## [Provided data]
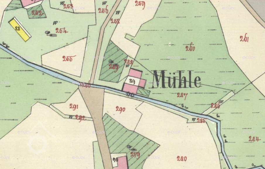 Mlýn je zakreslen již na mapě I. vojenského mapování.
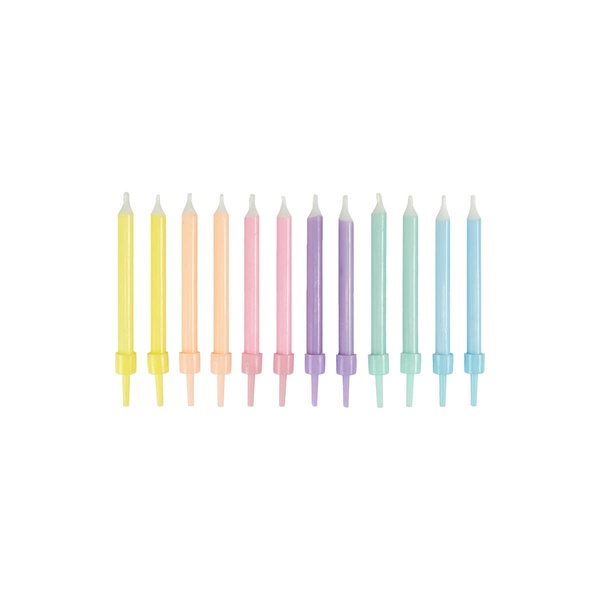 Narodeninové sviečky v pastelových farbách – 12 ks sú klasickou dekoráciou na narodeninovú tortu pre detské aj dospelé oslavy. Jemné pastelové farby dodajú torte elegantný a veselý vzhľad.
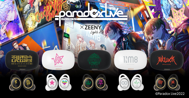「Paradox Live」×「Zeeny Lights 2」第二弾。「武雷管」「VISTY」「AMPRULE」「1Nm8」「獄Luck」のコラボレーションイヤフォンを受注販売開始。

## [Task objective]
Return the material word for word, images omitted.

## [Task output]
 Mlýn je zakreslen již na mapě I. vojenského mapování.
 Narodeninové sviečky v pastelových farbách – 12 ks sú klasickou dekoráciou na narodeninovú tortu pre detské aj dospelé oslavy. Jemné pastelové farby dodajú torte elegantný a veselý vzhľad.
「Paradox Live」×「Zeeny Lights 2」第二弾。「武雷管」「VISTY」「AMPRULE」「1Nm8」「獄Luck」のコラボレーションイヤフォンを受注販売開始。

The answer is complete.